Defining Library Leadership

leaderUnless you’ve been living under your desk for the last couple of years, then all the talk related to the shrinking pool of library administrators is not new to you.  I don’t know about you, but I feel inundated with journal articles, listserv posts, and blogs telling me about how few leaders there are in the profession – about how library administrators are retiring at a faster pace than they can be replace at and that no one actually wants to be an administrator or a leader.

So, I’ve been thinking about this.  This is all personal opinion, which I’m quite good at distributing liberally, but hear me out.  Being an administrator and being a leader are two completely different things.  A library can have one administrator and many leaders.  In fact, systems that fit that description seem to thrive, if the leaders’ skills are well directed.
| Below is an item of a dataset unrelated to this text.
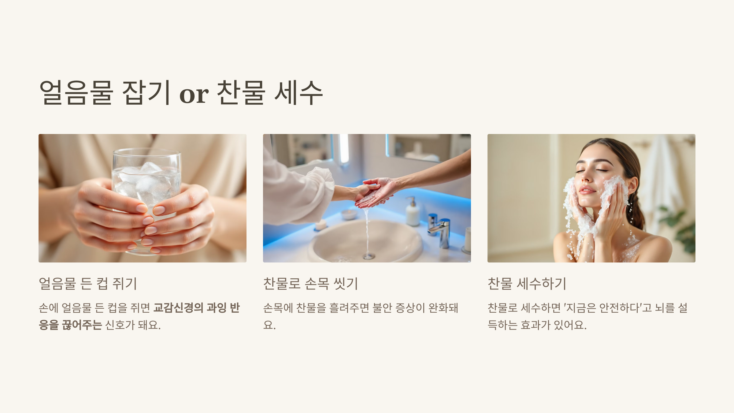 차가운 자극은 교감신경의 과잉 반응을 끊어주는 신호가 돼요.

Librarians don’t want to be administrators because it appears to them that being an administrator looks like a lot of pushing and pulling.  Pulling people to new ideas, pushing people to reconsider their budgets, pulling people to adopt new customer service techniques, pushing people to not do things the ‘old’ way.

But in library school, for instance, you hear a good deal of talk about why the library world needs more administrators.  Why it really would benefit people to consider administration roles as a future career.  Here’s an idea…why don’t we explore what it means to be a LEADER first?

Being a leader can be very easy if it builds on a persons strengths.  You can lead quietly, you can lead loudly, but dang it, just lead.  Blogging is leading.  (Heh Heh…like that pat on my own back?)  Being an early technology adopter is leading.  Going to conference and sharing what you learned is leading.  Being on a committee for your state association is leading.  Fearlessly trying new library trends is leading.  Being creative, trying new things, stepping up to the plate when needed – those are all leader qualities.  And those leader qualities eliminate a good deal of the push and pull that administrators struggle with on a day-to-day basis.

But then that changes the task of the administrator.  You can no longer be in constant control.  You can no longer be power hungry.  Leadership becomes about shaping goals, providing vision, timing events, adding structure to the creative and professional output of all those leaders that are being enabled.

I guess my point is that maybe as a profession we need to redefine what leadership means and how people can demonstrate leadership.  We need to clarify that you don’t have to carry a traditional leadership role to guide the profession and your individual library.  I think once more library professionals feel comfortable with being leaders, then we’re going to have a lot more administrators.

Even Bosses Should Say Thank You

Today I held a lunchtime wedding shower for one of my employees.  It was my way of saying thanks to someone who works hard and demonstrates immense work ethic and concern for her work.

I think that too often, the detail-mindedness of librarians can become our downfall.  We are so busy seeing what is “not right” and what needs to be fixed that we don’t see what is right and don’t say thank you to people who do well.  More often than not, when you ask a librarian about how things are going at work, you get a negative response or a litany of the things going wrong.  I do it myself, so I know.  But I make a special effort to tell my employees “thank you” every day and tell them a thing or two that I was happy with.  I find that when the time comes for me to tell them they did something not-quite-right, they respond more quickly and try harder.

Doesn’t that all seem obvious?  It seems like a “Well, DUH!” sort of thing, but it must not be, because not a lot of bosses do that.  I know mine doesn’t and it’s why I try to be mindful of it.

Before I step off my digital soapbox today, I want to share one more thing.  When I was a high school vice principal, someone gave me a list of things entitled “Twenty Things I Learned from Being A Principal”.  One of the things was: If someone asks you if you are busy, respond by saying, “Yes, but I have time for you”.

That single statement has been an incredibly powerful tool in my managerial toolbox and I use it often.  You have more time than you think and the people around you will appreciate you stopping for them for just a few moments.  Try it.